ATP-mediated Activation of the NADPH Oxidase DUOX1 Mediates Airway Epithelial Responses to Bacterial Stimuli

Activation of the NADPH oxidase homolog dual oxidase 1 (DUOX1) within the airway epithelium represents a key mechanism of innate airway host defense, through enhanced production of H₂O₂, which mediates cellular signaling pathways that regulate the production of various inflammatory mediators. Production of the CXC chemokine interleukin (IL)-8/CXCL8 forms a common epithelial response to many diverse stimuli, including bacterial and viral triggers, environmental oxidants, and other biological mediators, suggesting the potential involvement of a common signaling pathway that may involve DUOX1-dependent H₂O₂ production. Following previous reports showing that DUOX1 is activated by extracellular ATP and purinergic receptor stimulation, this study demonstrates that airway epithelial IL-8 production in response to several bacterial stimuli involves ATP release and DUOX1 activation. ATP-mediated DUOX1 activation resulted in the activation of ERK1/2 and NF-κB pathways, which was associated with epidermal growth factor receptor (EGFR) ligand shedding by ADAM17 (a disintegrin and metalloproteinase-17).
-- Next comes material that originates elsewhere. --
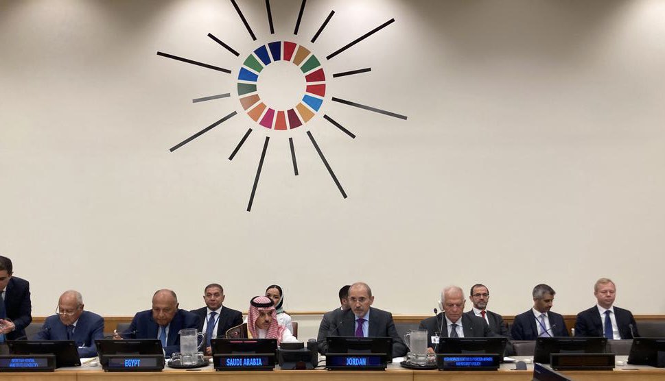 وكان وزير الخارجية السعودي سمو الأمير فيصل بن فرحان، والممثل الأعلى للشؤون الخارجية والسياسة الأمنية في الاتحاد الأوروبي جوزيب بوريل، وأمين عام جامعة الدول العربية أحمد أبو الغيط، افتتحوا الاجتماع، الذي تحدث في جلسته الافتتاحية أيضاً، وزير الخارجية المصري سامح شكري. وشارك في الاجتماع، الذي عقد على هامش أعمال الأسبوع رفيع المستوى للدورة الثامنة والسبعين للجمعية العامة للأمم المتحدة في نيويورك، وزراء خارجية وممثلو نحو خمسين دولة، وممثلون عن منظمة التعاون الإسلامي، ومجلس التعاون لدول الخليج العربية، والبنك الإسلامي للتنمية، ومكتب الرباعية الدولية، والبنك الأوروبي للاستثمار، بالإضافة إلى المفوض العام لوكالة الأمم المتحدة لإغاثة وتشغيل اللاجئين الفلسطينيين (الأنروا)، ووكيلة الأمين العام للأمم المتحدة لإدارة الشؤون السياسية وبناء السلام.
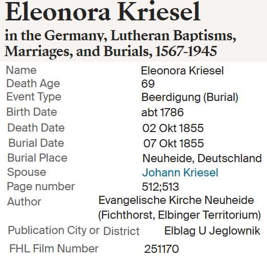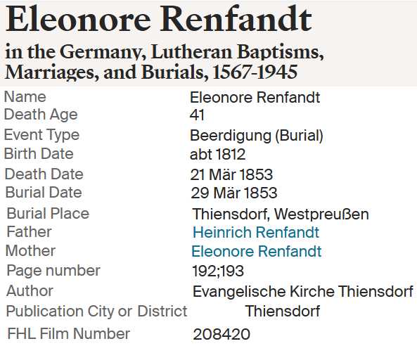 | C5 | Helena Eleanora Renfandt | 9 Mar 1812 | 21 Mar 1853 Evangelische Kirche Thiensdorf (Kr. Marienburg) |

Although ATP-mediated ADAM17 activation and IL-8 release were not prevented by extracellular H₂O₂ scavenging by catalase, these responses were attenuated by intracellular scavengers of H₂O₂ or related oxidants, suggesting an intracellular redox signaling mechanism. Both ADAM17 activation and IL-8 release were suppressed by inhibitors of EGFR/ERK1/2 signaling, which can regulate ADAM17 activity by serine/threonine phosphorylation. Collectively, our results indicate that ATP-mediated DUOX1 activation represents a common response mechanism to several environmental stimuli, involving H₂O₂-dependent EGFR/ERK activation, ADAM17 activation, and EGFR ligand shedding, leading to amplified epithelial EGFR activation and IL-8 production.